• _Task to complete_
Everything in the records below should be printed exactly, except the pictures.

---- Provided data

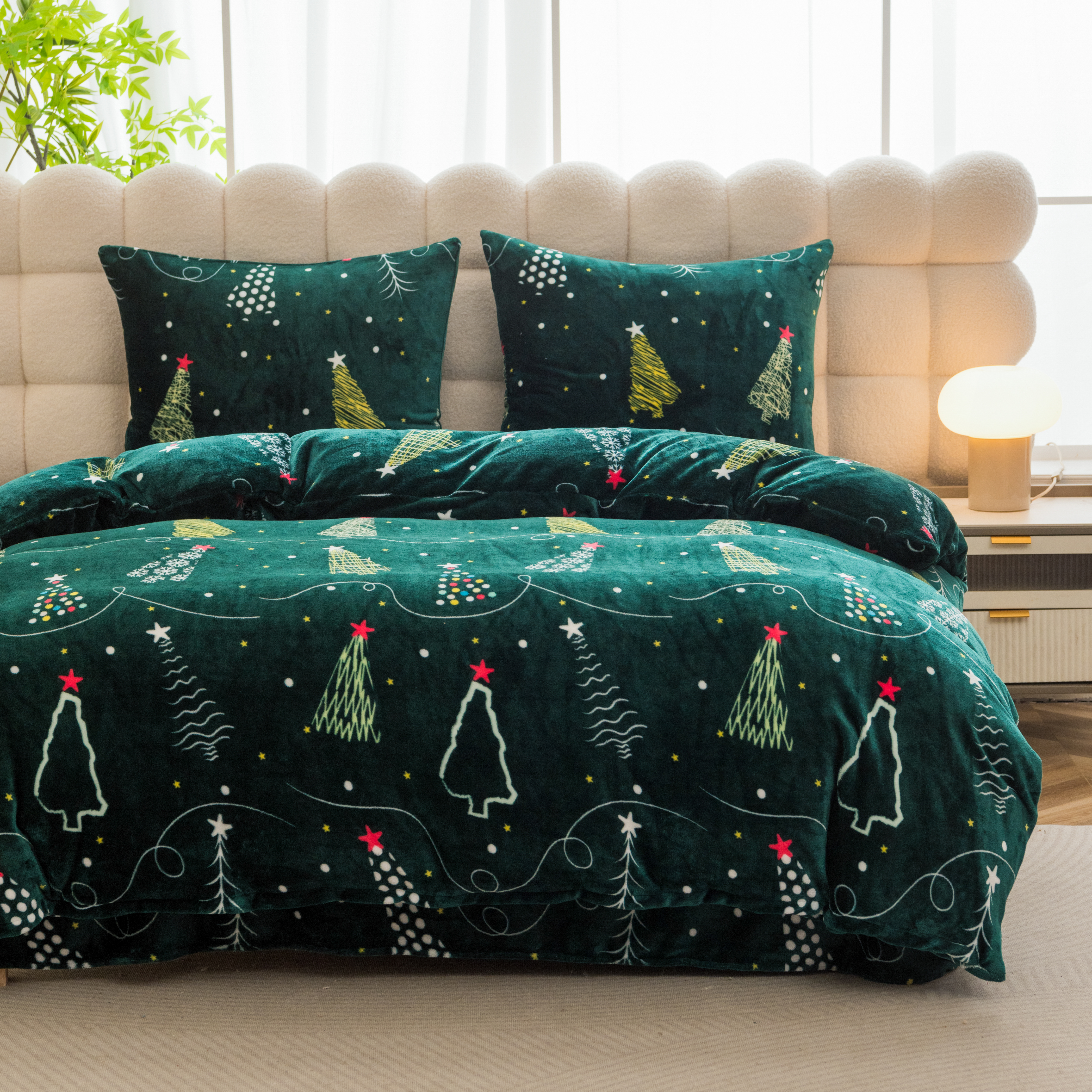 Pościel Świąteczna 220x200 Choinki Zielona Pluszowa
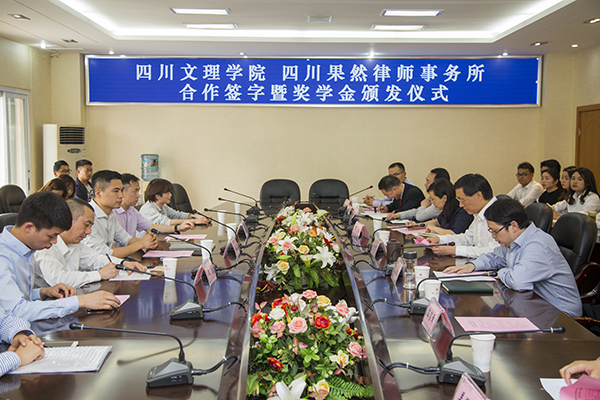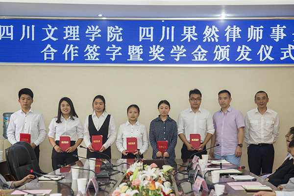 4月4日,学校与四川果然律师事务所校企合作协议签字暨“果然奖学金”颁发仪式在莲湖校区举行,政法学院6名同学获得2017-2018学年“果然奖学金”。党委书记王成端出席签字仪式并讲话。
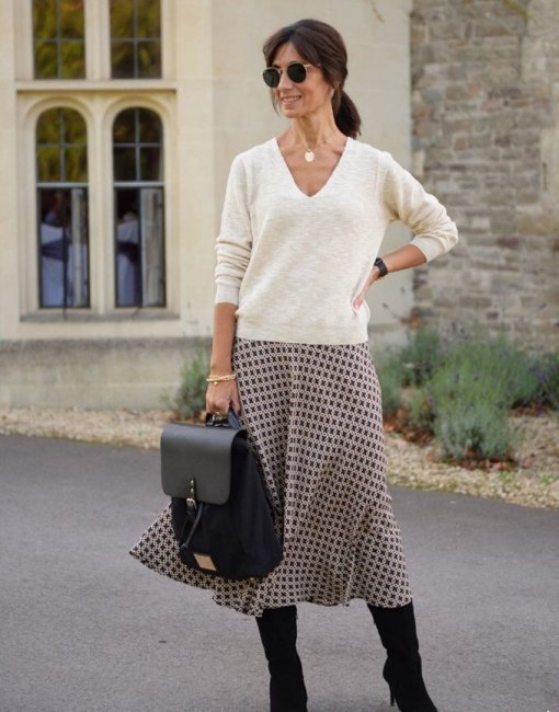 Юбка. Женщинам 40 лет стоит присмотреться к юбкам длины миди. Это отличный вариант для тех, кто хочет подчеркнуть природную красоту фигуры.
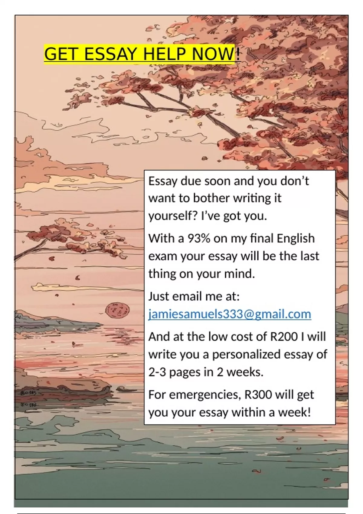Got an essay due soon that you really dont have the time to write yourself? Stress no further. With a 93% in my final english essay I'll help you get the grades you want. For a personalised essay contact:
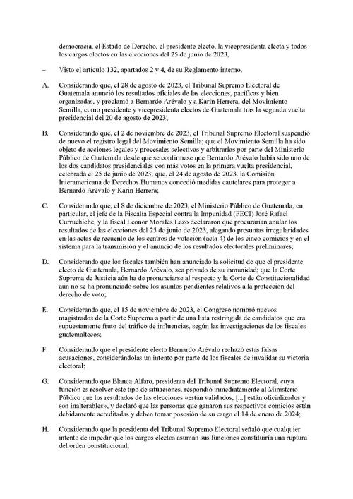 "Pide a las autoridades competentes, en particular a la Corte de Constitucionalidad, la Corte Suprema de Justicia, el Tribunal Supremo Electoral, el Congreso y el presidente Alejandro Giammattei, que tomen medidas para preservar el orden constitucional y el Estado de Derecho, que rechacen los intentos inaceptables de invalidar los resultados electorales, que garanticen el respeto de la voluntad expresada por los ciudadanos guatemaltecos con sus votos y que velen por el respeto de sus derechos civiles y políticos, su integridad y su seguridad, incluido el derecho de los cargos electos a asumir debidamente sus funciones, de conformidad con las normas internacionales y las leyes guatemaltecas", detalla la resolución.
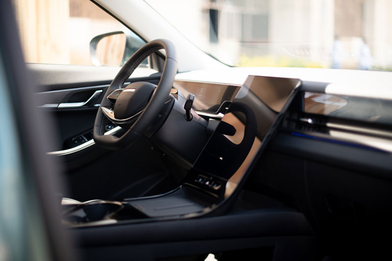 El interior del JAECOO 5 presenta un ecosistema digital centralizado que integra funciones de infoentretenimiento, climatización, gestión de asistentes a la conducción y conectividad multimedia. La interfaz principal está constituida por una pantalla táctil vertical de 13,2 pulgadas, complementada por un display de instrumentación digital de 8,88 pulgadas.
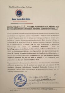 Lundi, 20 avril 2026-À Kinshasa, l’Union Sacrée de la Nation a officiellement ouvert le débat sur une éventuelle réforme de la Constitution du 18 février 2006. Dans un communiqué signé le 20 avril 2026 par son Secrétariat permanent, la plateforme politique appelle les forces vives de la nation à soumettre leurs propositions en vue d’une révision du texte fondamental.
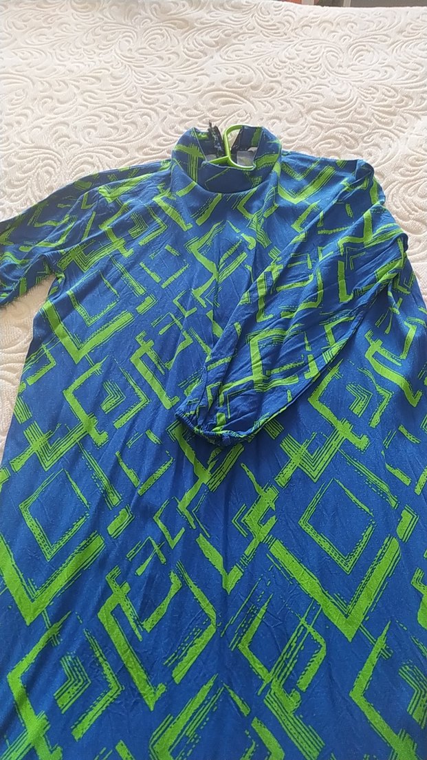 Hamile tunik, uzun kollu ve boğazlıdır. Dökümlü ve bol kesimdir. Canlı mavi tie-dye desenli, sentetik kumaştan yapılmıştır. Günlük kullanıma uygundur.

--------

• _Solved problem_
 Pościel Świąteczna 220x200 Choinki Zielona Pluszowa
 4月4日,学校与四川果然律师事务所校企合作协议签字暨“果然奖学金”颁发仪式在莲湖校区举行,政法学院6名同学获得2017-2018学年“果然奖学金”。党委书记王成端出席签字仪式并讲话。
 Юбка. Женщинам 40 лет стоит присмотреться к юбкам длины миди. Это отличный вариант для тех, кто хочет подчеркнуть природную красоту фигуры.
Got an essay due soon that you really dont have the time to write yourself? Stress no further. With a 93% in my final english essay I'll help you get the grades you want. For a personalised essay contact:
 "Pide a las autoridades competentes, en particular a la Corte de Constitucionalidad, la Corte Suprema de Justicia, el Tribunal Supremo Electoral, el Congreso y el presidente Alejandro Giammattei, que tomen medidas para preservar el orden constitucional y el Estado de Derecho, que rechacen los intentos inaceptables de invalidar los resultados electorales, que garanticen el respeto de la voluntad expresada por los ciudadanos guatemaltecos con sus votos y que velen por el respeto de sus derechos civiles y políticos, su integridad y su seguridad, incluido el derecho de los cargos electos a asumir debidamente sus funciones, de conformidad con las normas internacionales y las leyes guatemaltecas", detalla la resolución.
 El interior del JAECOO 5 presenta un ecosistema digital centralizado que integra funciones de infoentretenimiento, climatización, gestión de asistentes a la conducción y conectividad multimedia. La interfaz principal está constituida por una pantalla táctil vertical de 13,2 pulgadas, complementada por un display de instrumentación digital de 8,88 pulgadas.
 Lundi, 20 avril 2026-À Kinshasa, l’Union Sacrée de la Nation a officiellement ouvert le débat sur une éventuelle réforme de la Constitution du 18 février 2006. Dans un communiqué signé le 20 avril 2026 par son Secrétariat permanent, la plateforme politique appelle les forces vives de la nation à soumettre leurs propositions en vue d’une révision du texte fondamental.
 Hamile tunik, uzun kollu ve boğazlıdır. Dökümlü ve bol kesimdir. Canlı mavi tie-dye desenli, sentetik kumaştan yapılmıştır. Günlük kullanıma uygundur.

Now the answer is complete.